What would you have done?
“The business environment is not static but operates in a state of flux and constant change; there fore alternate goals must also be determined to ensure that the business is prepared to meet a variety of future scenarios.” (Satterlee, 2013, p. 72) Did Sherman prepare herself and her team for unknown changes in the future? Not really should could have done a better job this is based on our reading that she was involved in almost every facet of her team and her business. One last aspect that she can do is “Often the leader must serve as a heat shield for subordinates who are working the crisis. (Dees, 2013, p. 194.)
What was Ofra Sherman’s predicament?
Ofra Sherman’s predicament was to jump ship and go directly to Glaxo. Or to use her muddied chain of command and work the issues this way. “Officially Sherman had a manager at Promedico.” (Jick & Peiprel, 2011, p. 353) Sherman’s boss was her manager in name only. “Sherman’s peers at Promedico envied her.” (Jick & Peiprel, 2011, p. 354) Sherman was not one to rely on Promedico management in her daily duties. The only real link was “receiving information from them about what was happening within Promedico.” (Jick & Peiprel, 2011, p. 354) She had to be very careful about the flow of information because she knew it would filter back up to Promedico.
How did she get into it?
Sherman and the different entities in this example had no clear cut guidelines. No clear lines of reporting or over site. Sherman was experiencing “a major reaction to change is a feeling of losing control.” (Jick & Peiprel, 2011, p. 341) In my opinion she should have worked on clearing this aspect up before the situation ever developed into what it is currently.
How do you evaluate her actions as described in the case?
Sherman is a good leader overall. The true evaluation of her leadership skills thru this trial is how she handles conflict and does she shield her team. “Conflict is a process that begins when an individual perceives that he or she has been negatively affected by another individual or group.” (Satterlee, 2013, p. 172) Sherman displays this with her non-free flow of information with Promedico. “Relationship conflict occurs when individuals within a group fail to communicate effectively. This type of conflict can escalate so that everyone directs attention and energy towards the conflict and little attention is paid to the organization’s goals. (Satterlee, 2013, p. 173)
Dees, R.F. (2013). Resilient leaders. Williamsburg, VA: RFD, LLC.

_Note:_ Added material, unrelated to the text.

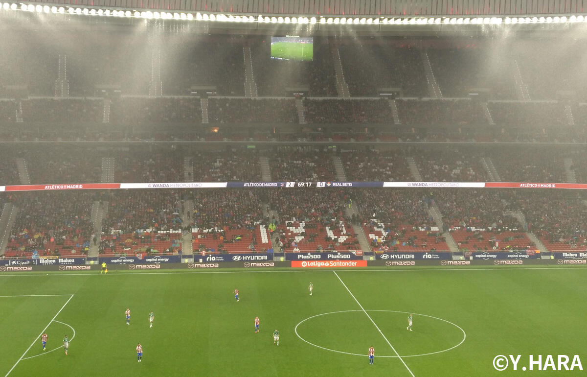 そして翌日曜にはアトレティコがワンダ・メトロポリターノにベティスを迎えたんですが、これが大雨の中の試合となってねえ。昔、ビセンテ・カルデロンでプレーしていた時には、記者席に屋根はあっても雨漏りや横から吹きつける水滴が気になったものですが、ワンダではスタンド最前列にでもいない限り、全然平気。前節レバンテ戦での退席処分で1試合のベンチ入り禁止となり、パルコ(貴賓席)観戦していたシメオネ監督同様、私も快適に過ごすことができたんですが、もしやキックオフ時にはすでにズブ濡れになっていたのと、早々にカルバーリョの強烈シュートをGKオブラクが弾いてくれたのが、最近は眠ったまま、ピッチに立つことが多かったアトレティコの選手たちの目を覚ましてくれた?

Jick, T. D., & Pieperl, M. A. (2011). Managing Change; Cases and Concepts (3rd ed.). New York, NY: McGraw-Hill
Kuvandikov, A., Pendleton, A. and Higgins, D. (2014), Employment Change after Takeovers: The Role of Executive Ownership. British Journal of Industrial Relations, 52: 191–236. doi: 10.1111/bjir.12012
Satterlee, A. (2013). Organizational management and leadership: a Christian perspective (2nd ed.). Raleigh, NC: Synergistic International Inc.